A tug boat and a fuel barge have run aground just north of Athlone Island near Bella Bella Thursday morning.
The barge is intended to carry fuel, but was empty at the time of the incident.
The tug boat had a crew of seven people. All are confirmed to be safe.
The vessel involved is “Nathan E. Stewart,” a 2001-built US tug boat.
Chief Councillor of the Heiltsuk Tribal Council Marilyn Slett said in a release that at approximately 9:50 a.m. Thursday morning the tug sank with fuel continuing to flow into the water.
The company that owns the tug, Texas-based Kirby Offshore Marine, confirmed the tug has taken on water and lost buoyancy. It remains coupled to the barge, which is afloat and presently stable. It says the tug had a load of approximately 50,000 gallons of diesel at the start of the voyage.
The company released the following statement about the incident Thursday night:
“Earlier today, tug Nathan E. Stewart and barge DBL 55 ran aground in Canadian waters at the entrance to Sea Forth Channel on Athlone Island. All local authorities have been notified, a Unified Command has been established, and a coordinated, full response is currently taking place.”
“Western Canada Marine Response Corporation (WCMRC) was activated and have deployed vessels and crew from their response base in Prince Rupert. WCRMC response contractors from Shearwater are already on the scene, as are company response personnel. Various response vessels, workboats, boom, and oil skimmers have been deployed to the scene and boom has been deployed. Early responders included professionals from the Heiltsuk Nation, under the direction of WCRMC, with efforts focusing on containing any spill and protecting the sensitive environment of the local coast and waters.”
“Kirby Offshore Marine, owners and managers of the Nathan E. Stewart, are committed to mitigating the effects of this incident and are working to respond and limit environmental impact from this incident in collaboration with the federal and local authorities. Kirby Offshore also wish to thank the actions of the Canadian Coast Guard for assisting the tug’s crew to safety, the efforts of the first responders from the Heiltsuk Nation, and the many women and men who have mobilized their skills and resources to assist.”
Slett claims the spill is threatening to devastate an area in which 25 important species are harvested, including manila clam beds that provide an important income for the community.
“Though we are thankful that the barge was empty, we are gravely concerned about the potential ramifications of the fuel spill from the tug,” Slett said.
Slett says with the changing winds and tide, there is concern that the spilled fuel will be pushed towards other important harvesting areas for herring roe, seaweed and clams.
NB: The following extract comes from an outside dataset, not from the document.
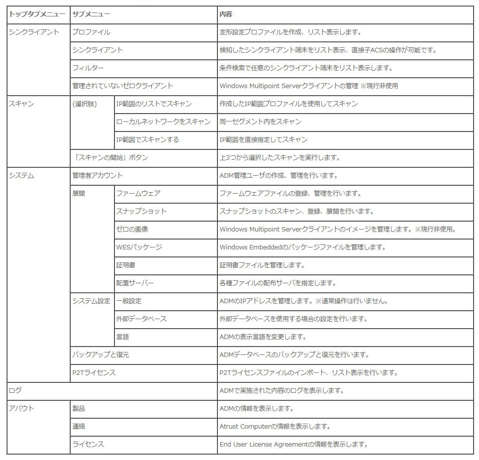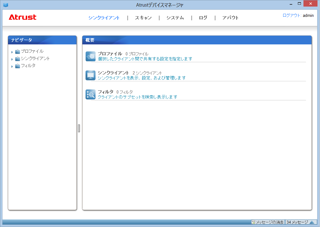 ADM のメイン画面です。 設定プロファイルを作成、保存や、検知したシンクライアントのリストを見ることが可能です。シンクライアントはフォルダ分け管理も可能です。フォルダ単位での設定の反映も可能です。

PHOTO courtesy: Heiltsuk Tribal Council
“It’s really bad out here. A lot of fuel is on the beach already, and fuel is in the water,” said Heiltsuk Integrated Resource Management Department director Kelly Brown from the spill site. “The initial spill response has been totally inadequate. The first responding vessels were not equipped to deal with a spill, and had to return to town to gather more gear. The Heiltsuk are providing our own equipment because what responders have been able to provide so far is insufficient.”
Kirby Offshore Marine said in a statement their priority is developing a plan to remove all diesel aboard the tug and to safely salvage the vessel.